What you will do
Set down word for word each line from the one containing "воспринимают историю региона." through the end of the records, both included. Do not copy any pictures.
++++ Data for review ++++
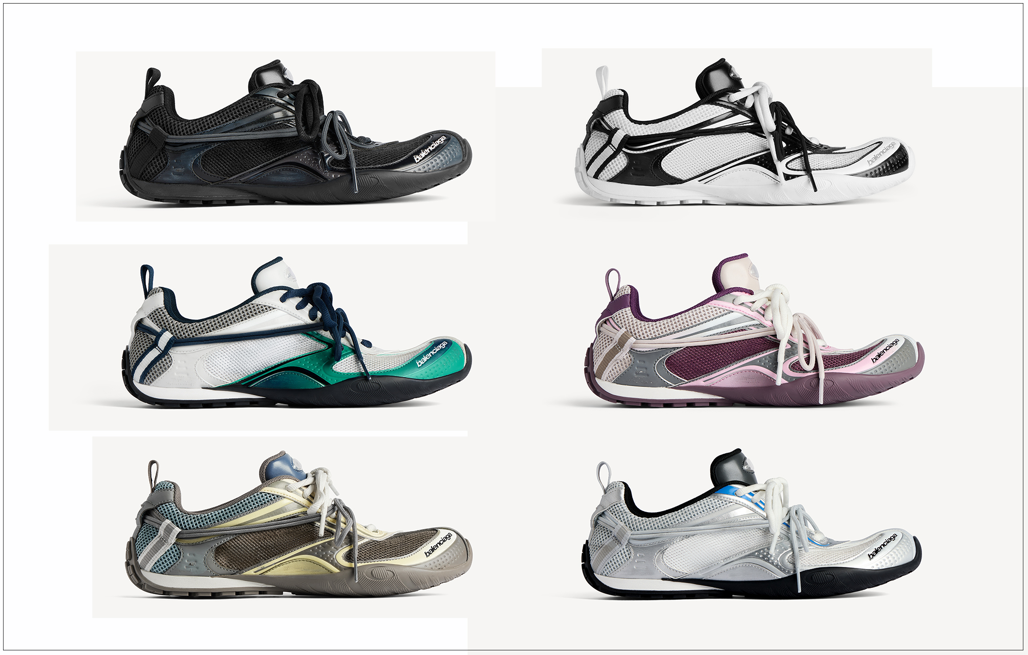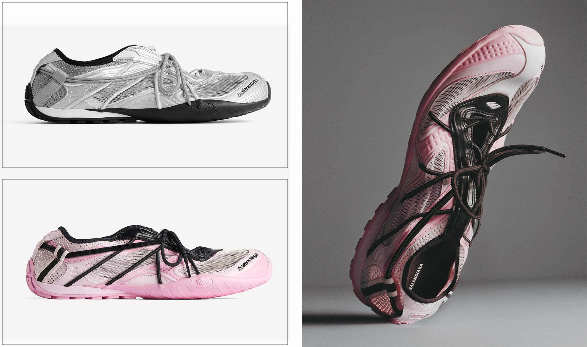 配色方面从黑灰等冷静灰度,到紫色、粉色、白色等更具表现力的选择,再到银蓝渐变混搭 — 皆呈现顺滑、轻盈的光感效果。如果基础款还不足以让你彻底上头,那么 “ Sneakerina ” 版本一定会拿下你。 RADAR 在原本流线感十足的球鞋之上再度瘦身,让整双鞋更趋近芭蕾舞鞋般的纤细轮廓,却保留了运动鞋的律动张力。 Balenciaga Radar Sneaker. 现已登陆 Balenciaga  官网 及指定门店发售。
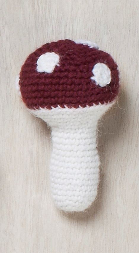 Kärpässieni-helistimellä leikkivät niin vauvat kuin isommatkin lapset. Sieniaiheinen helistin on virkattu kiintein silmukoin Novita Alpaca Wool -langasta.
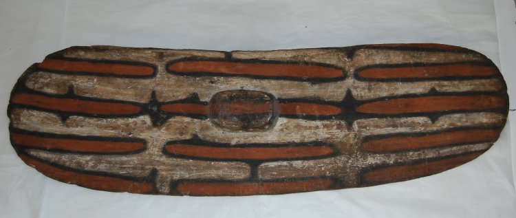 Painted shield made of wood, with a handle cut from the solid. Donated by collector’s sister, Florence Walker – see the doc 907.
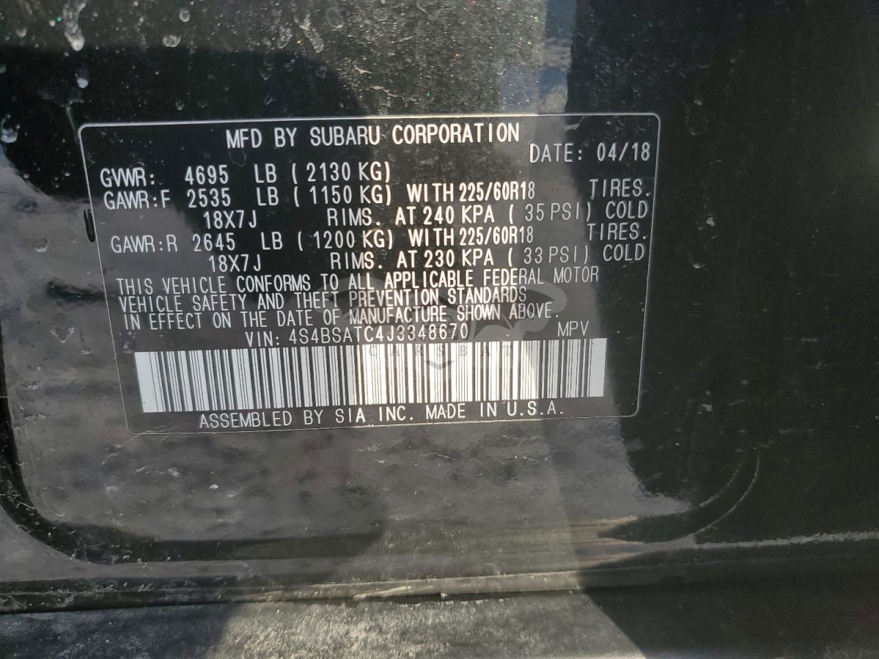 • VIN: 4S4BSATC4J3348670
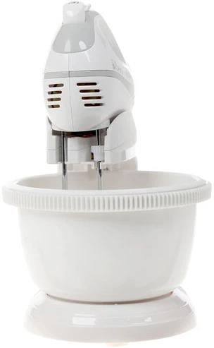 Мощность 320 Вт. Кол-во скоростей 5. Режим «Турбо». Объем чаши 3,5 л. Засечки на чаше. Пара насадок для взбивания. Пара насадок для замешивания. Автоматически вращающаяся чаша. Цилиндрическое сечение венчиков. Откидная конструкция. Переключатель скоростей. Кнопка освобождения насадок. Длина шнура 1,2 м.
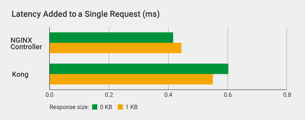 Kong increases latency compared to the API Management Module: by 44% for a 0-KB file and 24% for a 1-KB file.
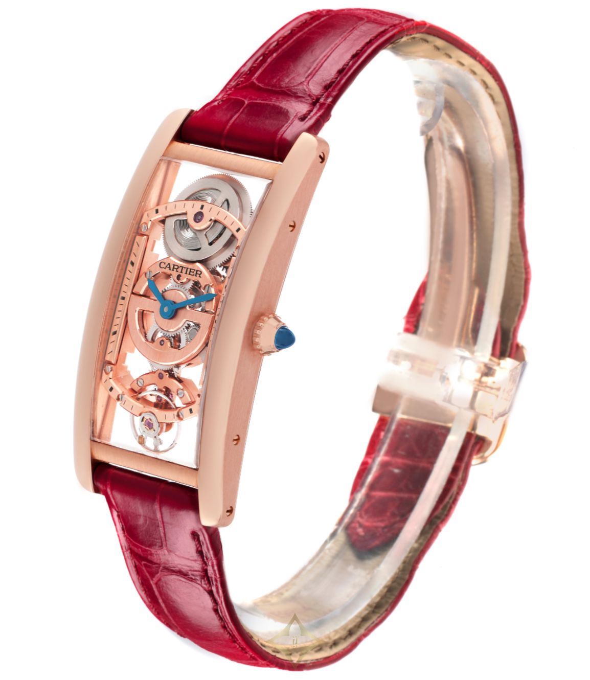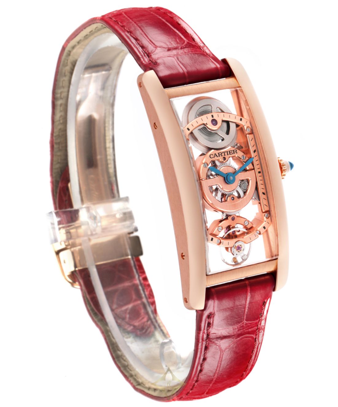 Cartier Tank Cintrée Skeleton Rose Gold Mens Watch WHTA0008 Box Card
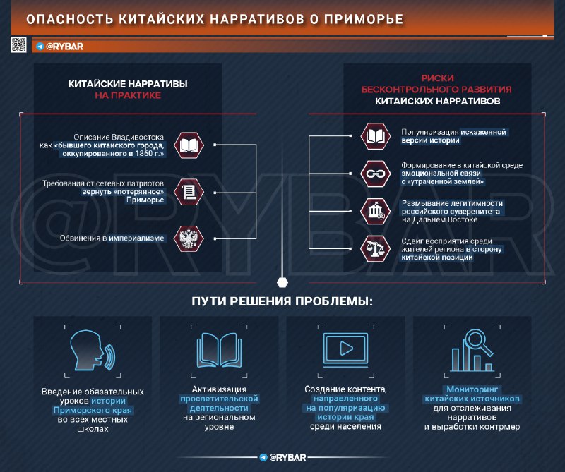 ▪️Есть возможность повлиять и на умы китайских граждан. В Приморье идет обширный поток туристов из Китая, которые пользуются услугами гидов. Издание методических материалов и их использование туристическими компаниями может повлиять на то, как приезжающие китайские граждане воспринимают историю региона.
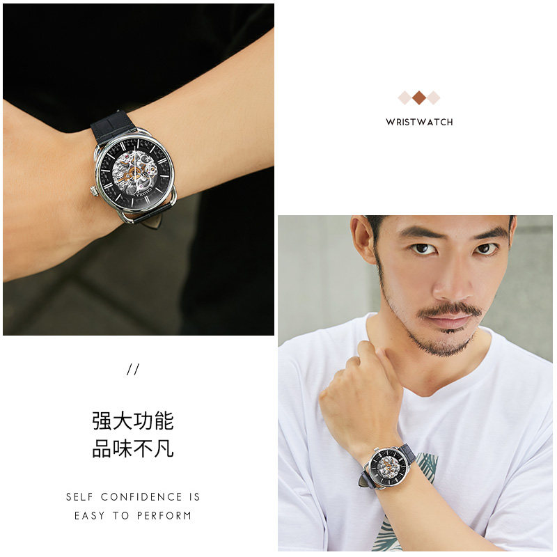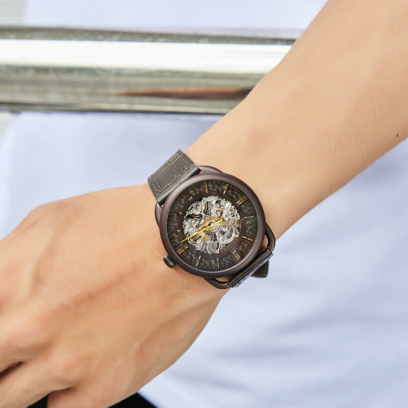 Corolla automatic mechanical watch hollow coffee large dial men's watch leather belt waterproof men's watch tide
++++
Exercise answer
 ▪️Есть возможность повлиять и на умы китайских граждан. В Приморье идет обширный поток туристов из Китая, которые пользуются услугами гидов. Издание методических материалов и их использование туристическими компаниями может повлиять на то, как приезжающие китайские граждане воспринимают историю региона.
 Corolla automatic mechanical watch hollow coffee large dial men's watch leather belt waterproof men's watch tide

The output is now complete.